Human operators will continue to play a key role in grid operations for decades to come, and they can certainly help in the fusion of information. Important goals include minimizing the overhead on human experts and learning from the monitor data to identify important features that can contribute to lack of resilience. It would also be valuable if these techniques are computationally lightweight. This would allow operators to incorporate these techniques in the system to work online.
Response Selection and Actuation
Timely response to detection of undesirable state conditions is critical to maintain the grid’s ability to deliver power despite impairments that occur. In order to be effective, determination of response actions must be efficient and scalable. In particular, a resilience response mechanism must respond quickly in a way that limits the cyber or physical impairment (whether accidental or intentional) from propagating to the point that a catastrophic event occurs. Furthermore, resilience response mechanisms must be scalable, in order to account for the unique physical and cyber complexity of the grid and the large volume of monitor data that must be collected, to obtain an accurate estimate of the state of the system.
During the unusual situations associated with severe events, wide-area power system visualization is crucial for providing the operators and engineers with the “big picture” of a grid that may be operating in a physical and/or cyber state they have not previously encountered. There may be multiple electric islands, transmission line flows may be substantially different from normal, and the voltage profile could be quite unusual. Often this wide-area view is provided in a control center using a mapboard, such as the one used by Independent System Operator (ISO) New England’s control center, shown in Figure 4.7. As noted by Overbye and Weber (2015), such wide-area visualizations are divided into two main types. The first approach is to draw the display using fairly precise geographic coordinates. An example of this
is shown for the synthetic network in Figure 4.4 or in the coupling with the earthquake simulations by Veeramany et al. (2016). Advantages include the ability to overlay power system information with other infrastructures and a familiar context when communicating with non-power engineers. A key disadvantage is that often the locations with a large amount of electrical infrastructure, such as urban areas, have a small geographic footprint. An alternative approach is to use a pseudo-geographic layout in which the position of the power system elements has some relationship with their actual geographic coordinates, but the display is arranged for electrical clarity. This approach was used in the ISO New England control center, which, while covering all of New England, has much of the display devoted to the greater Boston area. Additional visualization techniques, such as color contouring, focus on displaying large amounts of power system information (Weber and Overbye, 2000).
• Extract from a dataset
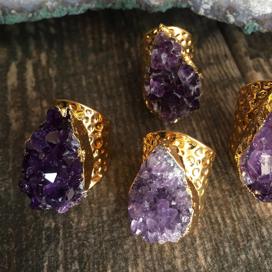 Open Moonstone Gemstone Ring Gold, Moonstone Jewelry, Gold Crystal Cocktail Ring, Adjustable Statement Ring for Women, June Birthstone Ring

There is also a need to consider the human factors of severe events in the control room context. During such events, there would certainly be a high level of stress, and, while expert operators would be better prepared than less experienced personnel, successful decisions are far from guaranteed. Wickens et al. (2013) explain, “Cues may be uncorrelated, overconfidence may shortchange cognitive monitoring, and rapid pattern-recognition classification may overlook a single outlying cause.” There may also be a “confirmation bias,” which “describes a tendency for people to seek information and cues that confirm the tentatively held hypothesis or seek (or discount) those that support an opposite conclusion or belief” (Wickens et al., 2013). This reinforces the importance of training and drills that provide operators with simulated experience.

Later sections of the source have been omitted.